The Magic and The Majesty

The tall ships are returning to the Foss Waterway where they once played a role in building the region.

In the late 1700s, George Vancouver, a Brit, and Robert Gray, an American, along with numerous other explorers, sailed the waters of the Pacific Northwest to probe the adjacent lands for their respective nations.

The arrival of these early sailors led to the Great Age of Sail, from 1880 to about 1910, when wind-powered ships dominated the ports of the Pacific Northwest. Commercial square-riggers lined Tacoma’s bustling waterfront and carried cargoes of Washington State–produced wheat and lumber to the four corners of the world.


Photograph by Thomas Hyde

The return of the tall ships fleet this Independence Day weekend is a celebration of a New Age of Sail. Today, tall ships frequently carry young men and women, twelve to eighteen years old and often from underserved communities, on voyages of adventure and environmental education. Training to crew a large, traditionally rigged sailing vessel can still be relied upon to build character, as it has for sailors since before the Age of Exploration.

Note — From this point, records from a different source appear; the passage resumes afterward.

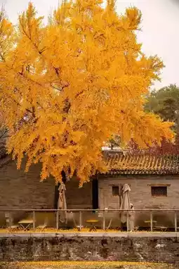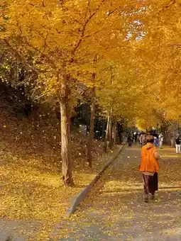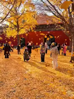 The combination of ancient architecture and ginkgo trees here is stunning. The autumn scenery is diverse and rich, featuring ginkgo trees on the large lawn, ginkgo-lined paths, and towering dawn redwoods and red maples.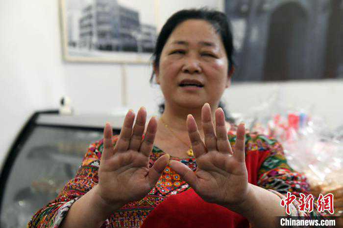 由于长期埋首制作糕点,江倚文落下不少“职业病”——十指指纹几乎被磨平,手上也有明显的烫伤痕迹。“我是一个‘糕点痴’,我对归侨美食太热爱了。”她摸着自己的手指说道,“虽然很辛苦,但每研究出一款新的美食,内心的快乐无法用语言表达。”
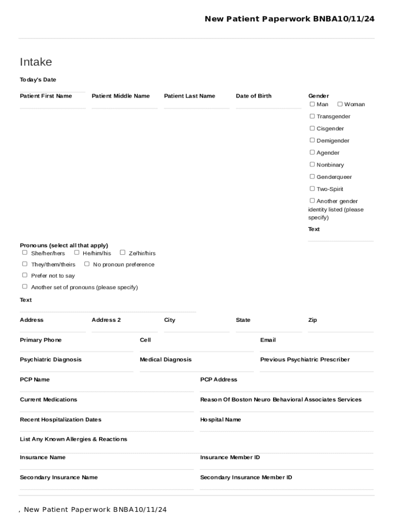 New patient paperwork bnba101124 refers to the specific forms and documentation that new patients must complete when registering at a healthcare facility or practice.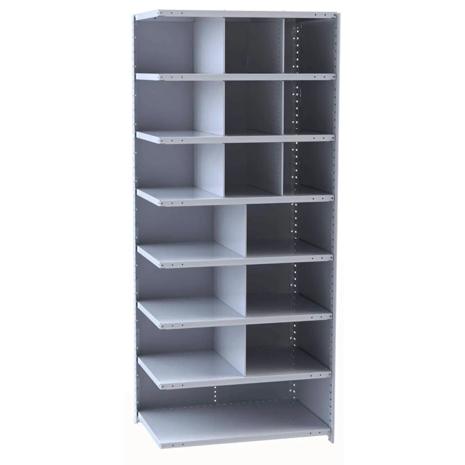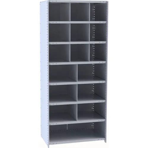 Centerline Dynamics Closed Metal Bin Shelving Starter Hallowell Hi-Tech Metal Bin Shelving 36"W x 18"D x 87"H 725 Dark Gray (9) 12"W x 12"H, (6) 18"W x 12"H, (1) 36"W x 12"H Bins

To be sure, the names of today’s ships — Eagle, Bounty, Adventuress, Zodiac, Odyssey, Yankee Clipper, Lady Washington — evoke stirring images of seafaring in times past, of the romance, adventure and challenges of life at sea (including fearsome battles) as celebrated in fiction by Robert Louis Stevenson, C. S. Forester, Jack London, Patrick O’Brian and others.

The magic and majesty of tall ships can be revisited with the return the fleet; visitors will get a feeling of what it was like to be aboard one of the many magnificent sailing ships that were anchored in Commencement Bay, ready to load cargo, more than one hundred years ago.

Back in those days, in 1898, Willibald Alphons Kunigk, a young German sailor, set out to sea, beginning six years of shipboard adventures that would include two round-the-world voyages. His most memorable port call, though, was in Tacoma in 1901, where he and the rest of the crew of the three-hundred-and-thirty-foot-long British sailing ship Queen Margaret loaded a cargo of wheat before embarking on a one-hundred-day passage around Cape Horn to Belgium.

Four years later, Kunigk returned to the Commencement Bay port city. He settled in Tacoma, married and became a United States citizen. As civil engineer, planner and superintendent of the Tacoma Water Department, he became one of the city’s most prominent citizens.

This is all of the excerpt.